## TRY IT
Produce word for word the lines of the data below running from the one that has "HG27271000 Crometta E" to the one that has "- [Instant Comfort]: No", inclusive, and no others.
──────── SOURCE MATERIAL ────────
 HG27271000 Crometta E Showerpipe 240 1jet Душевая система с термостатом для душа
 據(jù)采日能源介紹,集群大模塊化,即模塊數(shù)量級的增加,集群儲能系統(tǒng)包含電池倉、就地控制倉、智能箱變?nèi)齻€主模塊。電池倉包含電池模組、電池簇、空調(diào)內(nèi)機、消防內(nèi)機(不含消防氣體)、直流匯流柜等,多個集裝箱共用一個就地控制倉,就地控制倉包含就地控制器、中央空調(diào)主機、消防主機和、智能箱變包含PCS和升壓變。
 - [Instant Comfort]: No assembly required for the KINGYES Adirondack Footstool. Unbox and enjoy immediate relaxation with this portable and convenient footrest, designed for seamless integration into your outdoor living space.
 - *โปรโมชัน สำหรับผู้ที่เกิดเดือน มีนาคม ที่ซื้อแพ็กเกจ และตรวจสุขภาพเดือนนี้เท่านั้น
────────
──────── SOURCE MATERIAL ────────
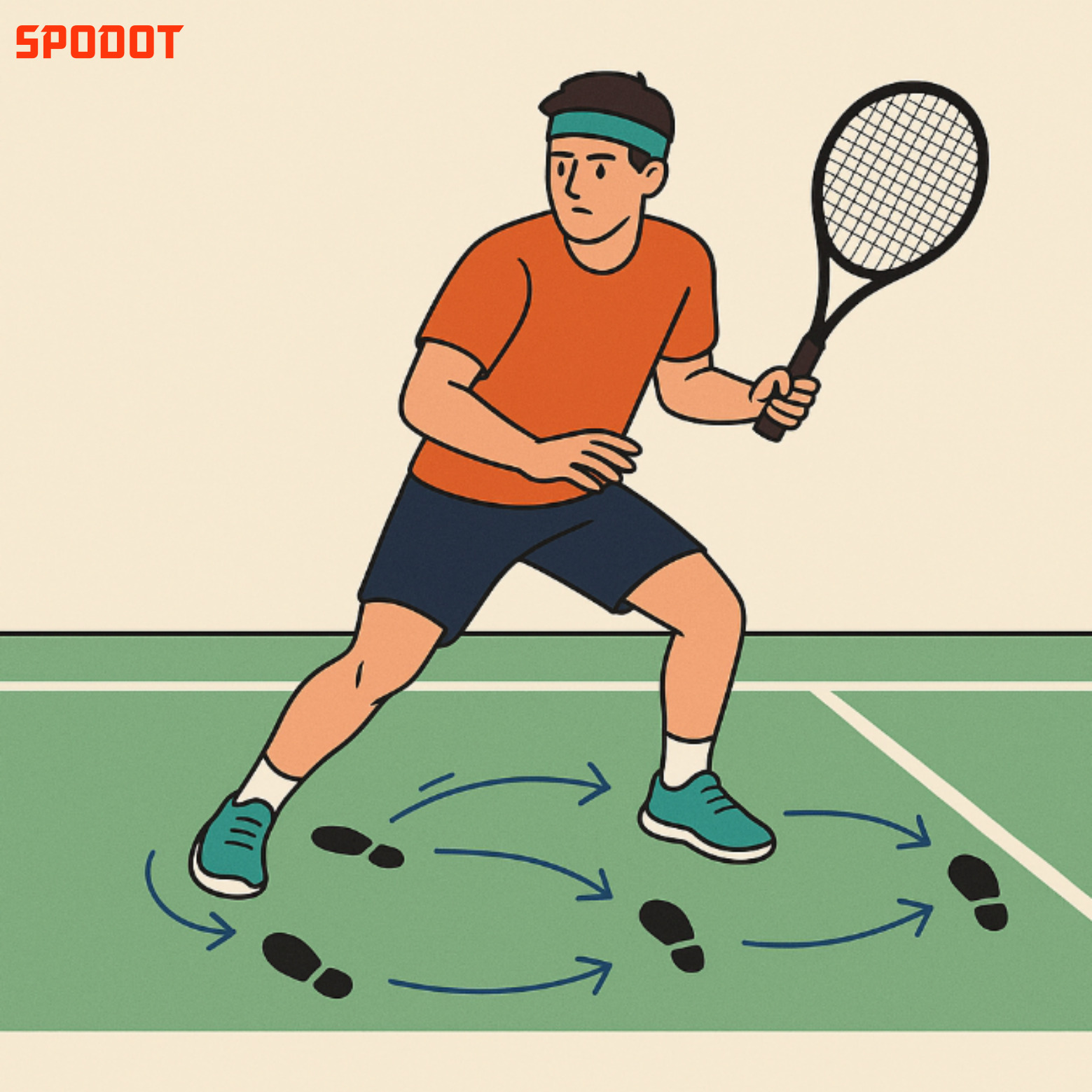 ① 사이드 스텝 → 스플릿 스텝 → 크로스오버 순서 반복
────────
## ANSWER SPACE
 HG27271000 Crometta E Showerpipe 240 1jet Душевая система с термостатом для душа
 據(jù)采日能源介紹,集群大模塊化,即模塊數(shù)量級的增加,集群儲能系統(tǒng)包含電池倉、就地控制倉、智能箱變?nèi)齻€主模塊。電池倉包含電池模組、電池簇、空調(diào)內(nèi)機、消防內(nèi)機(不含消防氣體)、直流匯流柜等,多個集裝箱共用一個就地控制倉,就地控制倉包含就地控制器、中央空調(diào)主機、消防主機和、智能箱變包含PCS和升壓變。
 - [Instant Comfort]: No assembly required for the KINGYES Adirondack Footstool. Unbox and enjoy immediate relaxation with this portable and convenient footrest, designed for seamless integration into your outdoor living space.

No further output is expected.